Богдану начали сниться странные, с продолжением сны. Седмицу спустя он мог увидеть сон, который начинался с того, чем кончился предыдущий. Сны были про Жанну. Иногда про то, что они, случайно встретившись, заговорили как добрые друзья и легко простили друг друга. Иногда про то, что она вернулась и, обнаженная, целует его и просит любви. Иногда про то, что с нею что-то случилось дурное, а он не может помочь — увяз тут, как муха на липучке, в казенных делах, а она там в своей Франции погибает. Иногда про то, что у них — ребенок, а Богдан даже не знает об этом и не узнает никогда; а она так презирает бывшего мужа, что не рассказывает сыну о том, кто его отец и где, и над мальчиком потешаются сверстники, а он не может ничем ответить… И Богдан просыпался, давясь горловым криком от безнадежности и тоски — и пугая тихо спавшую рядом, ни в чем не повинную жену.
Понимала ли Фирузе, что с ним происходит? Чувствовала ли? Он не знал. Они никогда не говорили ни о чем подобном. Наверное, это было правильно — обсуждать имеет смысл лишь то, с чем можно что-то общими усилиями поделать; а тут даже самая преданная любовь со стороны не в состоянии согреть и спасти. Все внутри души. Но как-то однажды, месяца три назад, Богдан, вернувшись из присутствия раньше обычного — Ангелина в школе, Фирузе на работе (она преподавала теперь компьютерную премудрость и даже мужу сумела попутно втолковать многое из того, что так и не сумел ему объяснить в свое время нетерпеливый Баг), — нашел на столике у кресла оставленный раскрытым Коран. Это само по себе было странно — Фирузе очень аккуратно обращалась со священной книгой, да и, сказать по совести, вряд ли она стала бы сама, для себя, читать ее в переводе на русское наречие. А тут был именно Коран на русском, жена когда-то купила его Богдану в подарок — хотя минфа так пока и не удосужился прочесть его целиком. Но, закрывая толстый, благоухавший книжной святостью том, Богдан непроизвольно увидел мелькнувшие перед глазами строки — и у него будто ледышкой провели по сердцу; рывком сжавшись, оно замерло и не сразу сумело вновь упруго разжаться. Богдан судорожно удержал готовые сомкнуться листы и прочел еще раз, уже медленнее: «Вы не можете быть одинаково расположенным к женам своим, хотя бы этого и желали вы; поэтому и не привязывайтесь к ним всею привязанностью, так чтобы они не оставались при вас в каком-то недоумении».

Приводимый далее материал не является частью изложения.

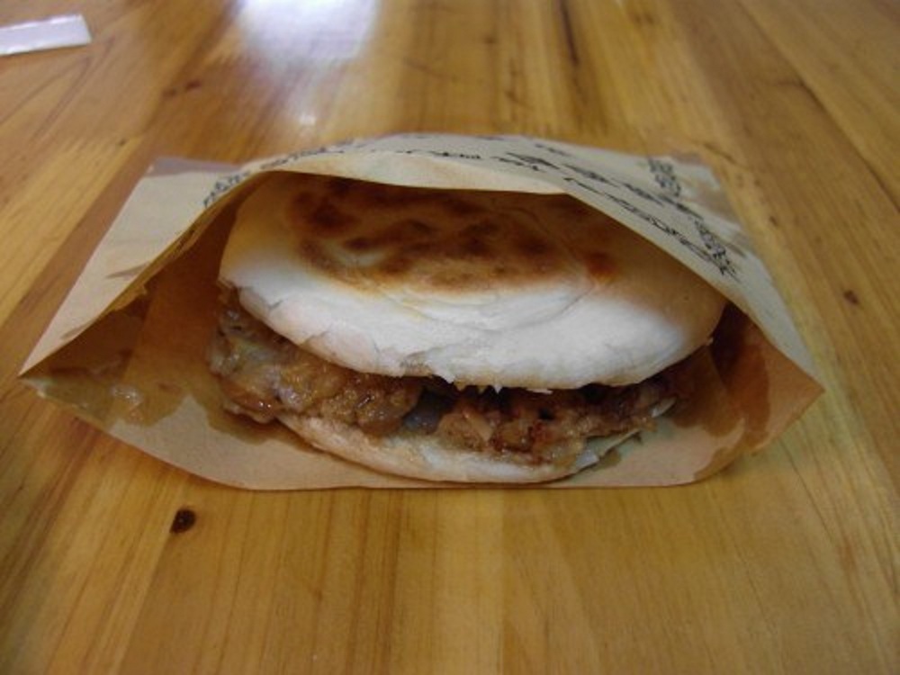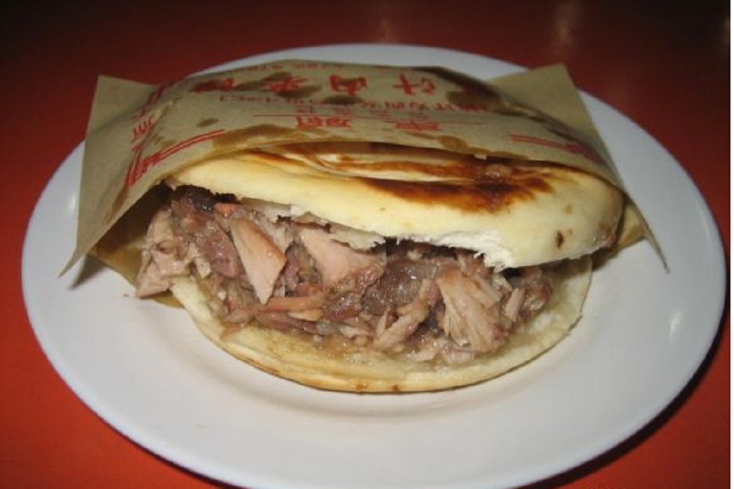 肉夹馍,是用烤制的面饼,中间用刀划开,夹入卤好的酱肉,再淋上肉汁,撒上香菜等,咬一口喷香。感觉应该叫馍夹肉才对,但肉夹馍不知是咋叫起来的。可能世间最好的搭档里就应该有肉、夹馍,酱肉加上烤制的面饼吃起来是一种回味悠远的香甜。 记得小时候,每到去上学的时候,都会在学校门口买一个肉夹馍带到学校里去吃,那香味让人留恋。

Что это значило? Может быть, Фирузе давно уже ощутила его темную затяжную хандру, но с чуть высокомерной мусульманской снисходительностью к христианам, не способным, дескать, уразуметь, что лучше уж взять в дом вторую жену, чем разрываться между семьей и любовницей, решила, будто любимый муж попросту завел себе кого-то на стороне?

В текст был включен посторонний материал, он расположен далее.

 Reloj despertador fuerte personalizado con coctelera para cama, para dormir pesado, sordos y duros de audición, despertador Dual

А может, она все понимала и пыталась помочь ему хоть так?
Или, может, это всего лишь его чувство вины обострило мнительность, а жена просто-напросто взяла первое попавшееся под руку издание и, сидя в любимом своем кресле, чуток полистала великую книгу перед уходом на работу, и в этом пустяковом домашнем событии не содержалось никакого послания мужу, никакой шифровки?